Ultimately, everything we can measure in the Universe is the outcome

of some process or other: the random jolts of atoms, say, or the

exigencies of genetics. Mathematicians have long known that the

spread of values for each of these follows some basic mathematical

rule. The heights of bank managers, say, follow the bell-shaped

Gaussian curve, daily temperatures rise and fall in a wave-like

pattern, while the strength and frequency of earthquakes are linked

by a logarithmic law.

Now imagine grabbing random handfuls of data from a hotchpotch of

such distributions. Hill proved that as you grab ever more of such

numbers, the digits of these numbers will conform ever closer to a

single, very specific law. This law is a kind of ultimate

distribution, the "Distribution of Distributions". And he showed that

its mathematical form is...Benford's Law.

Hill's theorem, published in 1996, seems finally to explain the

astonishing ubiquity of Benford's law. For while numbers describing

some phenomena are under the control of a single distribution such as

the bell curve, many more--describing everything from census data to

stock market prices--are dictated by a random mix of all kinds of

distributions. If Hill's theorem is correct, this means that the

digits of these data should follow Benford's law. And, as Benford's

own monumental study and many others have showed, they really do.

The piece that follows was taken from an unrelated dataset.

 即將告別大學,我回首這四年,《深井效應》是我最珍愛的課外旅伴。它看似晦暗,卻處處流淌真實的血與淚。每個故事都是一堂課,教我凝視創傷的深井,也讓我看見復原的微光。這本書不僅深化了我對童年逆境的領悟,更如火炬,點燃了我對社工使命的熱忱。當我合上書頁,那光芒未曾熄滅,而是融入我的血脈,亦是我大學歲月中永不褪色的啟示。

Mark Nigrini, Alex's former project supervisor and now a professor of

accountancy at the Southern Methodist University, Dallas, sees Hill's

theorem as a crucial breakthrough: "It . . . helps explain why the

significant-digit phenomenon appears in so many contexts."

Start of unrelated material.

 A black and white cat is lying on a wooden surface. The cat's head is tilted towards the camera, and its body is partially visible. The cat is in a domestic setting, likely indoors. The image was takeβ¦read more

It has also helped Nigrini to convince others that Benford's law is

much more than just a bit of mathematical frivolity. Over the past

few years, Nigrini has become the driving force behind a far from

frivolous use of the law: fraud detection.

In a ground-breaking doctoral thesis published in 1992, Nigrini

showed that many key features of accounts, from sales figures to

expenses claims, follow Benford's law--and that deviations from the

law can be quickly detected using standard statistical tests. Nigrini

calls the fraud-busting technique "digital analysis", and its

successes are starting to attract interest in the corporate world and

beyond.

Some of the earliest cases--including the sharp practices of Alex's

store-keeping brother-in-law--emerged from student projects set up by

Nigrini. But soon he was using digital analysis to unmask much bigger

frauds. One recent case involved an American leisure and travel

company with a nationwide chain of motels. Using digital analysis,

the company's audit director discovered something odd about the

claims being made by the supervisor of the company's healthcare

department. "The first two digits of the healthcare payments were

checked for conformity to Benford's law, and this revealed a spike in

numbers beginning with the digits '65'," says Nigrini. "An audit

showed 13 fraudulent cheques for between $6500 and $6599...related to

fraudulent heart surgery claims processed by the supervisor, with the

cheque ending up in her hands."

Benford's law had caught the supervisor out, despite her best efforts

to make the claims look plausible. "She carefully chose to make

claims for employees at motels with a higher than normal number of

older employees," says Nigrini. "The analysis also uncovered other

fraudulent claims worth around $1 million in total."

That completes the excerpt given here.